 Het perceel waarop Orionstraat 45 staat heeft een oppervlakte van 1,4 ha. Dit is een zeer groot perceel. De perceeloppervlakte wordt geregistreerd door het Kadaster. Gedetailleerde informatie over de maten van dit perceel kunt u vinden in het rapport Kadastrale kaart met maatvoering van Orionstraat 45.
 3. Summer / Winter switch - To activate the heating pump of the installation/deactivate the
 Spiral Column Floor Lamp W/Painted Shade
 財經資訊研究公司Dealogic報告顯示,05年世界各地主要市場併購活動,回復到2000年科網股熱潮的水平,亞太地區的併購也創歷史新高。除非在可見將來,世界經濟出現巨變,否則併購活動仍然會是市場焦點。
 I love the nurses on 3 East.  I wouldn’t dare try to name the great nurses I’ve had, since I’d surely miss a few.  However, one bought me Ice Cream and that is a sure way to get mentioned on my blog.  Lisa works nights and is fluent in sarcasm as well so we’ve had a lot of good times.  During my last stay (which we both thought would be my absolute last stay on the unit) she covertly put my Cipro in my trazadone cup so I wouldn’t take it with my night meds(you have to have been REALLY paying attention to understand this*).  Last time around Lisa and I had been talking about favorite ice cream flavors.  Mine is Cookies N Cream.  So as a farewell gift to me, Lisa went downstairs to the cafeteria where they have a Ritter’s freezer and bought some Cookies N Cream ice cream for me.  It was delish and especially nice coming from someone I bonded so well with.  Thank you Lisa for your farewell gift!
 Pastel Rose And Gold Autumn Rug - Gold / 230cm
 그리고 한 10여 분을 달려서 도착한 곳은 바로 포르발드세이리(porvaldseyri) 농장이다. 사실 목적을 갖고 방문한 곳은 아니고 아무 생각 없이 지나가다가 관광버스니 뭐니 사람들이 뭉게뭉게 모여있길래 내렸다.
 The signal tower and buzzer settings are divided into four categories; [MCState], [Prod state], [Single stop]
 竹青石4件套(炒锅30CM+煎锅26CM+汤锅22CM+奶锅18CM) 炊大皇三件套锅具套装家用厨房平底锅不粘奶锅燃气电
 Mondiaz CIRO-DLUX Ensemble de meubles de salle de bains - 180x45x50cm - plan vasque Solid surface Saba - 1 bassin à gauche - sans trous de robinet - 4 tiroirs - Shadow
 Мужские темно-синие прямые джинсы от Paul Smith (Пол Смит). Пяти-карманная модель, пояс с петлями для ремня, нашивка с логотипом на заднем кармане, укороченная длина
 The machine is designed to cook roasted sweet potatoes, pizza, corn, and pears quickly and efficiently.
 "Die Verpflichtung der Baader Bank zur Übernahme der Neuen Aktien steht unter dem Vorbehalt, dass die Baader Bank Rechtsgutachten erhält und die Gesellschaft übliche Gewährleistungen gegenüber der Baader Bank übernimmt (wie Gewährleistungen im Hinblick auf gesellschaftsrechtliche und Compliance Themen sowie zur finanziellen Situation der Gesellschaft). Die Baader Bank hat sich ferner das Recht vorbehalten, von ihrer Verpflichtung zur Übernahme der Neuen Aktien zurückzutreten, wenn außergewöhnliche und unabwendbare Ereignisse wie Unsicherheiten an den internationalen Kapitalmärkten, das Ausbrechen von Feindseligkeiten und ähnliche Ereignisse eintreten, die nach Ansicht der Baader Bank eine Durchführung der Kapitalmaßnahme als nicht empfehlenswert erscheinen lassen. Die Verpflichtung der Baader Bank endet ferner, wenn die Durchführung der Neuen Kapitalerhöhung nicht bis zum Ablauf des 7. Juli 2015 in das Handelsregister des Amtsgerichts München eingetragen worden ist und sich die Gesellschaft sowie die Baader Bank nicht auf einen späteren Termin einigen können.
===============
What this task involves:
Only the lines from the one with "竹青石4件套(炒锅30CM+" through the end of the material are wanted; copy them exactly, both ends included.

Result for this task:
 竹青石4件套(炒锅30CM+煎锅26CM+汤锅22CM+奶锅18CM) 炊大皇三件套锅具套装家用厨房平底锅不粘奶锅燃气电
 Mondiaz CIRO-DLUX Ensemble de meubles de salle de bains - 180x45x50cm - plan vasque Solid surface Saba - 1 bassin à gauche - sans trous de robinet - 4 tiroirs - Shadow
 Мужские темно-синие прямые джинсы от Paul Smith (Пол Смит). Пяти-карманная модель, пояс с петлями для ремня, нашивка с логотипом на заднем кармане, укороченная длина
 The machine is designed to cook roasted sweet potatoes, pizza, corn, and pears quickly and efficiently.
 "Die Verpflichtung der Baader Bank zur Übernahme der Neuen Aktien steht unter dem Vorbehalt, dass die Baader Bank Rechtsgutachten erhält und die Gesellschaft übliche Gewährleistungen gegenüber der Baader Bank übernimmt (wie Gewährleistungen im Hinblick auf gesellschaftsrechtliche und Compliance Themen sowie zur finanziellen Situation der Gesellschaft). Die Baader Bank hat sich ferner das Recht vorbehalten, von ihrer Verpflichtung zur Übernahme der Neuen Aktien zurückzutreten, wenn außergewöhnliche und unabwendbare Ereignisse wie Unsicherheiten an den internationalen Kapitalmärkten, das Ausbrechen von Feindseligkeiten und ähnliche Ereignisse eintreten, die nach Ansicht der Baader Bank eine Durchführung der Kapitalmaßnahme als nicht empfehlenswert erscheinen lassen. Die Verpflichtung der Baader Bank endet ferner, wenn die Durchführung der Neuen Kapitalerhöhung nicht bis zum Ablauf des 7. Juli 2015 in das Handelsregister des Amtsgerichts München eingetragen worden ist und sich die Gesellschaft sowie die Baader Bank nicht auf einen späteren Termin einigen können.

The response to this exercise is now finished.